WHAT THE TASK REQUIRES:
Word for word, give the data again without its pictures.

INPUT DATA:
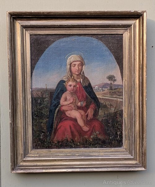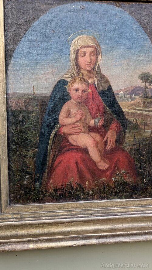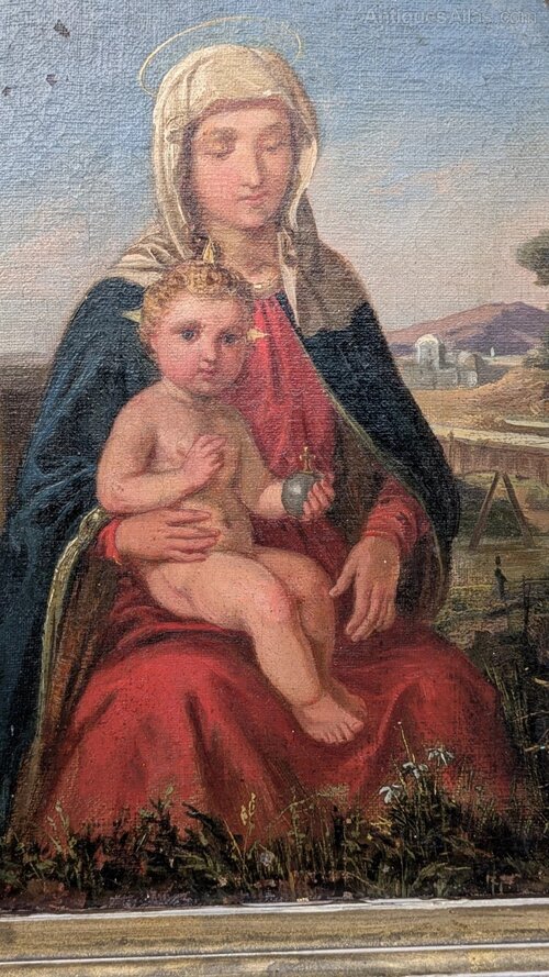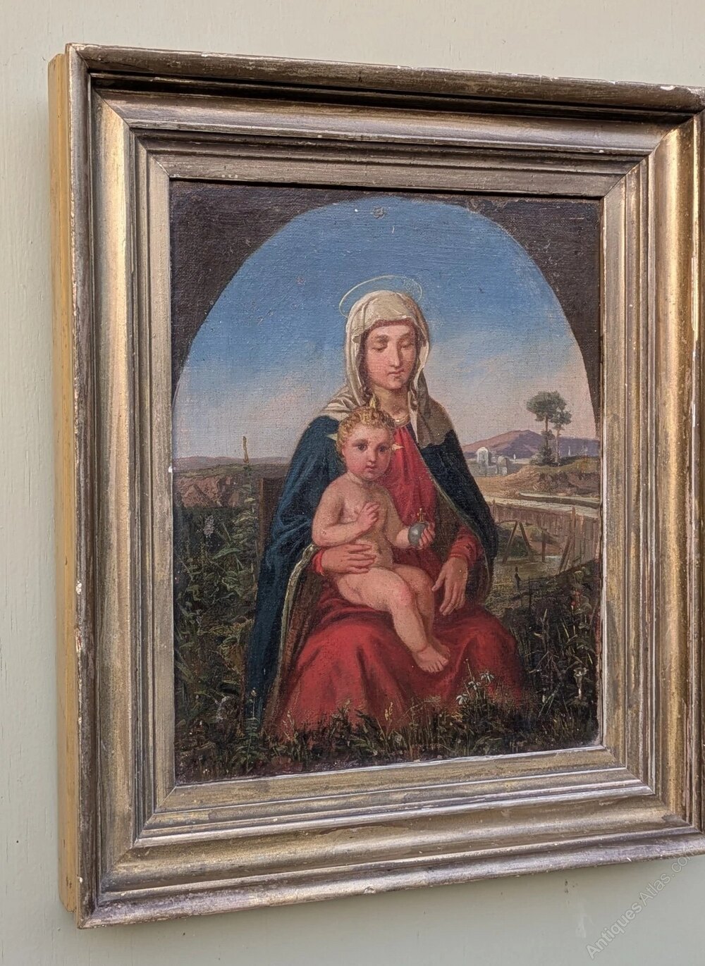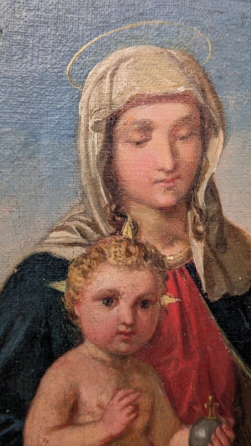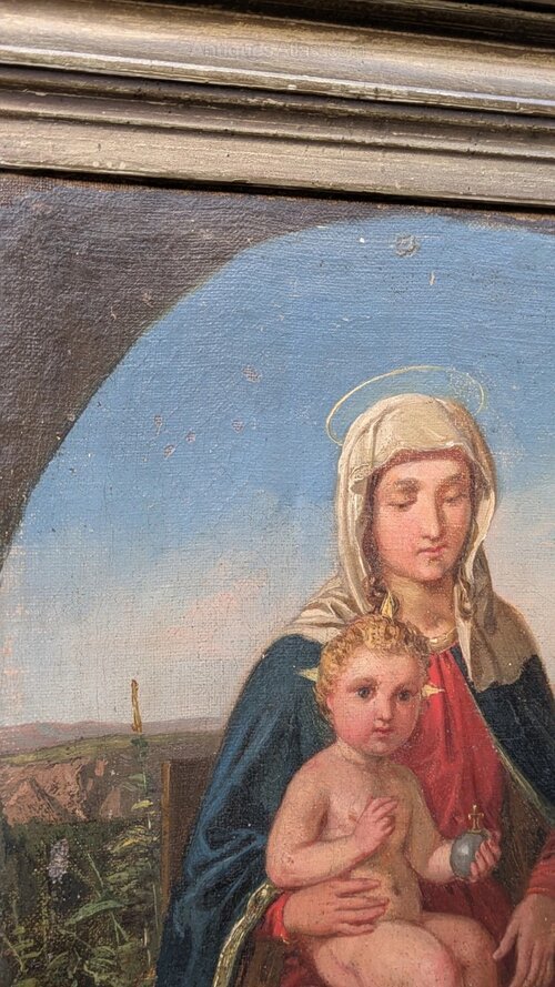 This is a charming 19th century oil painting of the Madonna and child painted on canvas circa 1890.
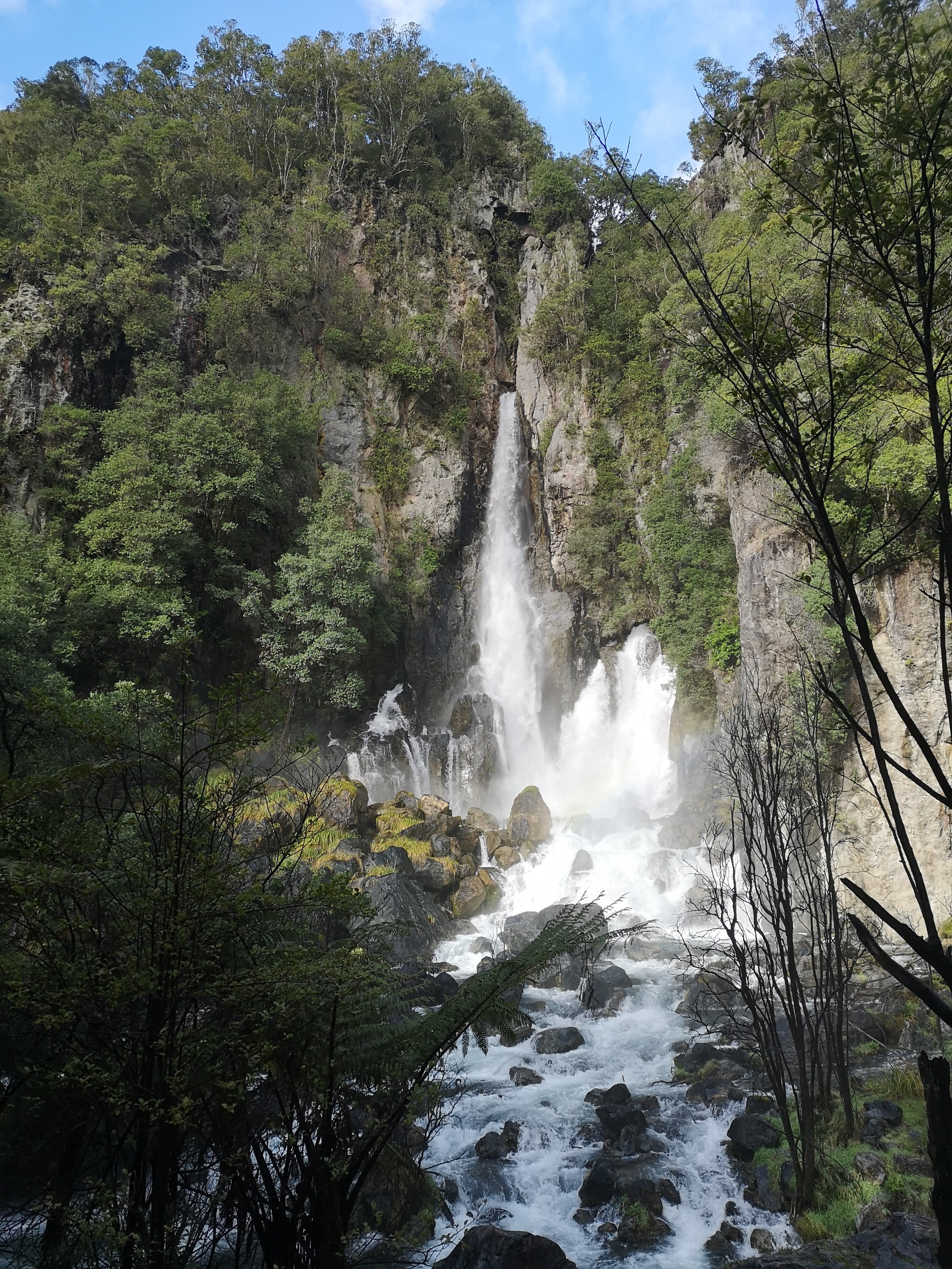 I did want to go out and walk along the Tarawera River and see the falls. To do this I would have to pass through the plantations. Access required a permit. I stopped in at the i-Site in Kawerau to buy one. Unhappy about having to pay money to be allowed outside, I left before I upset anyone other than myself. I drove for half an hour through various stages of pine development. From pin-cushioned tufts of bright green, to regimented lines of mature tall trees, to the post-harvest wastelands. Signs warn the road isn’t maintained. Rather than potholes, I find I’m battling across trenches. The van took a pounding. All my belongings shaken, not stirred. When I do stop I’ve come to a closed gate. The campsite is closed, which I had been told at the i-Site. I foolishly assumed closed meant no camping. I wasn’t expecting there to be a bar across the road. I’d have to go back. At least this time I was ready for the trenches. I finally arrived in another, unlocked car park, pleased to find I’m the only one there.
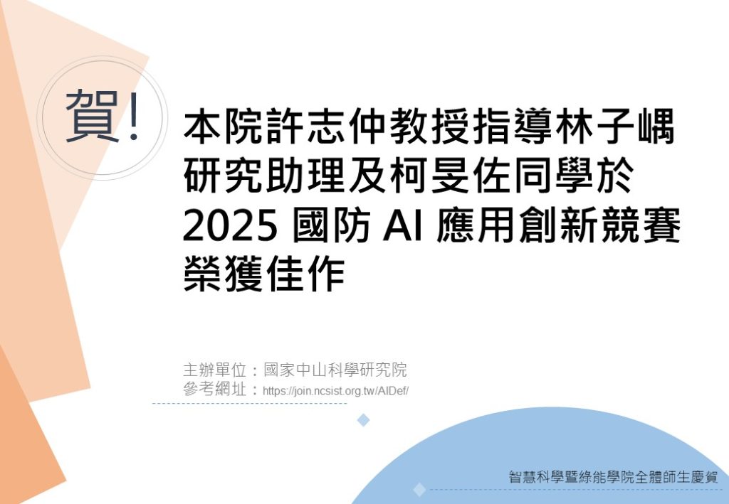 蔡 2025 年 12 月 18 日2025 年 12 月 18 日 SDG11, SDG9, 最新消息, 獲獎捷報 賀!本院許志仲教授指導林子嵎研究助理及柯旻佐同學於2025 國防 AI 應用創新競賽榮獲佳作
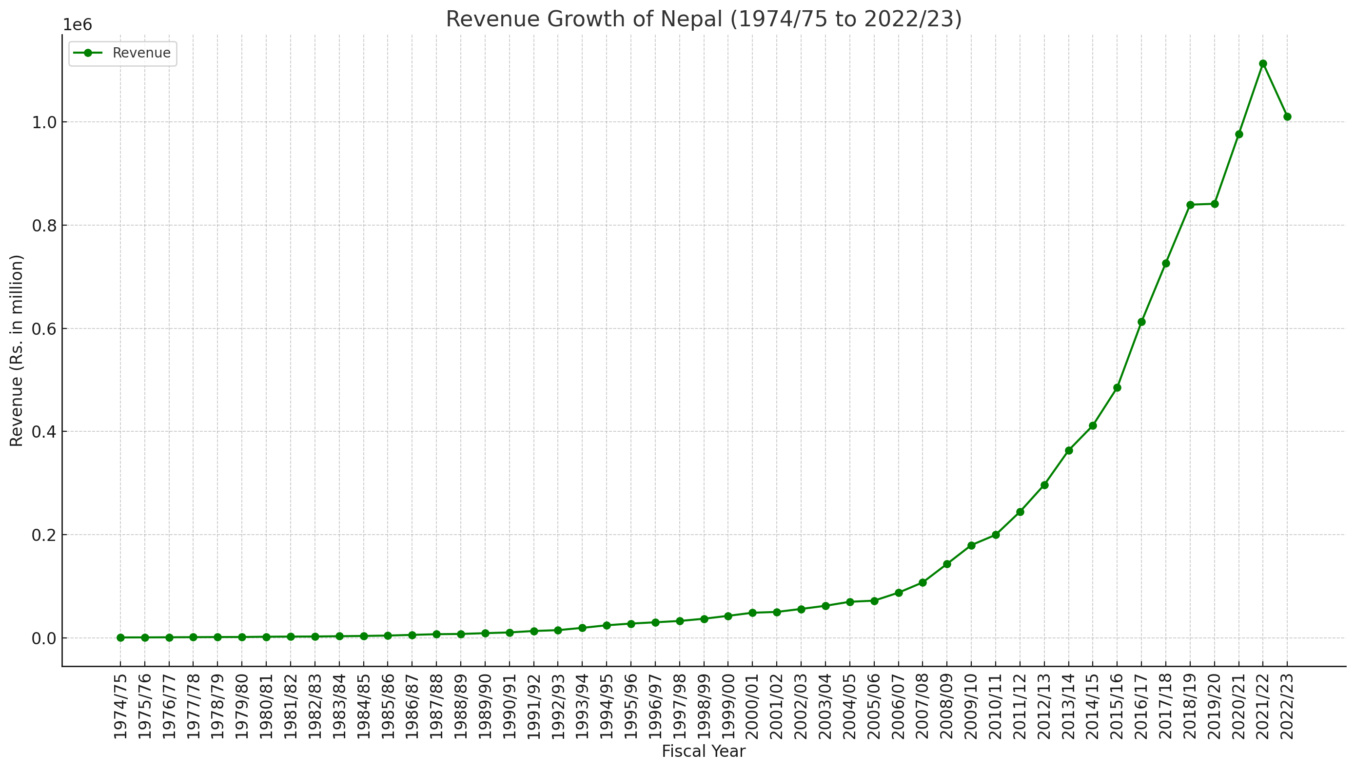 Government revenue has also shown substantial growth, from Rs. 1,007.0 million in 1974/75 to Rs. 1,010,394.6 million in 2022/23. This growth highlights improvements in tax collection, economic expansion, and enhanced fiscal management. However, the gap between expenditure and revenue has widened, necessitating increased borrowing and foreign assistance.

TASK OUTPUT:
 This is a charming 19th century oil painting of the Madonna and child painted on canvas circa 1890.
 I did want to go out and walk along the Tarawera River and see the falls. To do this I would have to pass through the plantations. Access required a permit. I stopped in at the i-Site in Kawerau to buy one. Unhappy about having to pay money to be allowed outside, I left before I upset anyone other than myself. I drove for half an hour through various stages of pine development. From pin-cushioned tufts of bright green, to regimented lines of mature tall trees, to the post-harvest wastelands. Signs warn the road isn’t maintained. Rather than potholes, I find I’m battling across trenches. The van took a pounding. All my belongings shaken, not stirred. When I do stop I’ve come to a closed gate. The campsite is closed, which I had been told at the i-Site. I foolishly assumed closed meant no camping. I wasn’t expecting there to be a bar across the road. I’d have to go back. At least this time I was ready for the trenches. I finally arrived in another, unlocked car park, pleased to find I’m the only one there.
 蔡 2025 年 12 月 18 日2025 年 12 月 18 日 SDG11, SDG9, 最新消息, 獲獎捷報 賀!本院許志仲教授指導林子嵎研究助理及柯旻佐同學於2025 國防 AI 應用創新競賽榮獲佳作
 Government revenue has also shown substantial growth, from Rs. 1,007.0 million in 1974/75 to Rs. 1,010,394.6 million in 2022/23. This growth highlights improvements in tax collection, economic expansion, and enhanced fiscal management. However, the gap between expenditure and revenue has widened, necessitating increased borrowing and foreign assistance.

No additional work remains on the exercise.